Although it sounds like something real, Heller is only playing a game — Investopedia, a yearlong project in AP Economics.

The project allows student to invest, risk free, and see how their portfolios change due to change current events in the U.S. and the world, AP Economics Teacher Mrs. Stacey Miller said.

Each student starts out with “$100,000”. Students may buy and sell as often or as little as they desire, but they must pay a commission each time.

“I am trying to give them a taste of real-world economics and investing through this activity, because they will eventually be actually dealing with the stock market one day,” Mrs. Miller said.

The students are ranked by how well their stocks performed, but their ranking has no impact on their final grade. Everyone writes a summary paper at the end of the school year to discuss what happened to their portfolio throughout the year.

Senior Jade Wilcox said it is one of her favorite parts of the economics class.

“It’s fun to see how you improve or go down,” she said. “I’m not the best at it, but I enjoy it.”

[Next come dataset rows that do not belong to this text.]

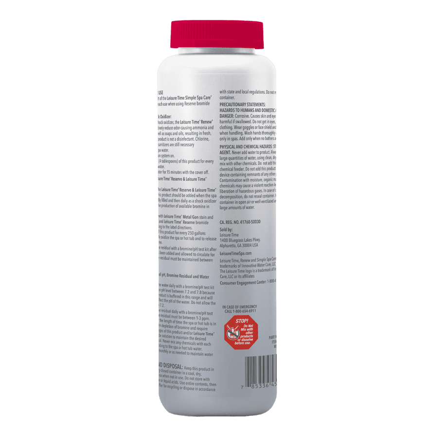 Leisure Time Renew serves as a non-chlorine shock oxidizer designed for spa maintenance. This quickly dissolving granular formula effectively eliminates residual soaps, deodorants, natural oils, and organic materials that may accumulate in spa water. Upon introduction to the spa water, Renew reacts with bromide, creating a bromine solution that eradicates any remaining microorganisms left by bathers. Additionally, this product is pH buffered, ensuring it does not impact the pH levels.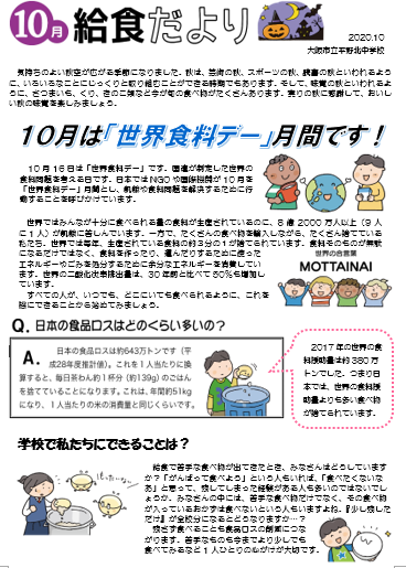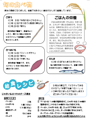 給食にも秋から冬にかけて旬の食べ物が次々登場しています。味覚の秋を楽しみましょう。
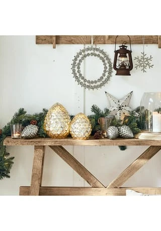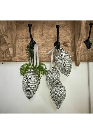 Hübsche Deko in Tannenzapfenoptik. Edles Bauernsilber-Finish. Zum Aufhängen an Zweigen oder am Christbaum. Ob an den grünen Zweigen Ihres Christbaums, am Adventskranz oder an Kiefernzweigen auf Ihrer weihnachtlichen Festtafel: Die hübschen Anhänger in Tannenzapfenoptik machen durch ihr bezauberndes Bauernsilber-Finish Weihnachten noch stilvoller und schöner. Lassen Sie bei der kreativen Gestaltung Ihres Adventambientes Ihren Ideen freien Lauf – auf die wundervollen Zapfen werden Sie dabei sicher nie mehr verzichten wollen, wenn Sie Ihre Räume mit einer weihnachtlichen Atmosphäre erfüllen.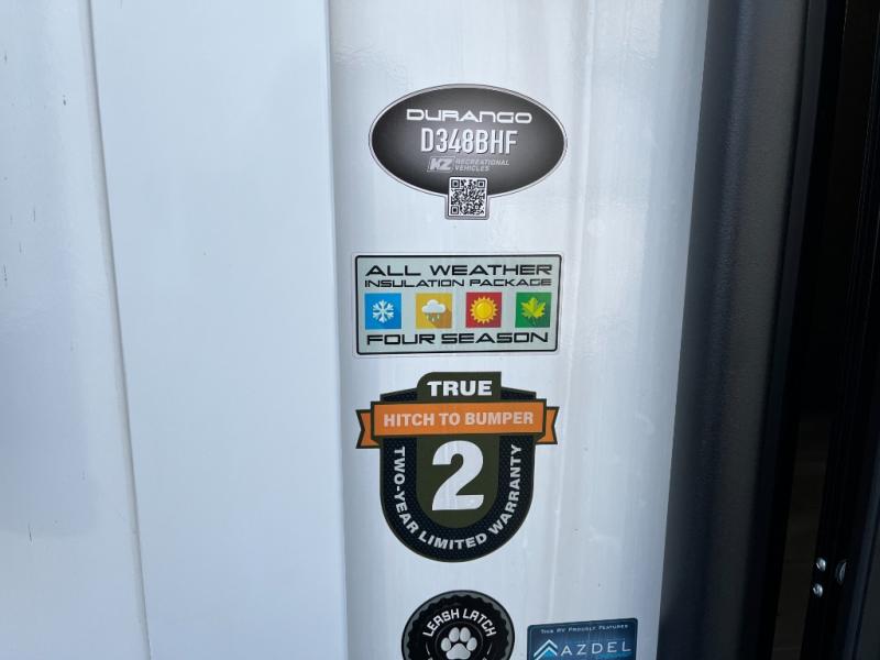 The New 2025 KZ Durango D348BHF brings big-rig comfort, thoughtful family-friendly design, and outdoor living versatility to your travel adventures. With its spacious layout and premium features, this fifth wheel offers the room and amenities you want for memorable trips, extended stays, or multi-family camping.
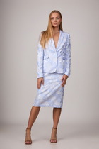 Длина жакета по спинке около 72 см в размерах 40-46 и около 74 см в размерах 48-52, длина рукавов около 62,5 см. Длина брюк по боковому шву с поясом около 99 см в размерах 40-46 и около 100,5 см в размерах 48-52, длина по внутреннему шву около 69,5 см.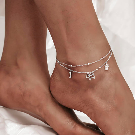 925 Sterling Silver Dog Ankle Bracelets for Women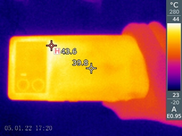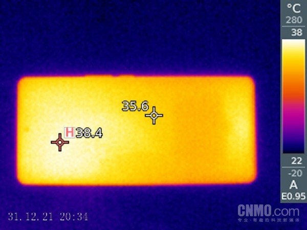 值得一提的是,iQOO 9 Pro在屏幕下部還疊加了一層0.052mm的散熱膜,它可以改善手機(jī)在亮屏場景下的發(fā)熱情況。實測運行一盤高幀率《王者榮耀》后機(jī)身正面最高溫度為38.4℃,同時通過溫槍測試圖能夠看到,iQOO 9 Pro的溫度較為平均,并沒有出現(xiàn)溫度集中的現(xiàn)象,這也能有效提升玩家的游戲體驗。

She, like Heller, has invested in Amazon. She also has bought stock in a pharmaceutical company, Hershey, Wal-Mart, Roku and Valero.

Senior Heller also said Investopedia is a fun part of class.

“I like it because it’s not very super formal,” she said. “It’s something more relaxed.”

Along with Amazon and Lowes, she has invested in Burlington and some pharmaceutical companies.

Has Investopedia made her want to become an investor in real life?

“I like it when I’m doing well,” she said, “but when not doing so well, I think should not be doing this.”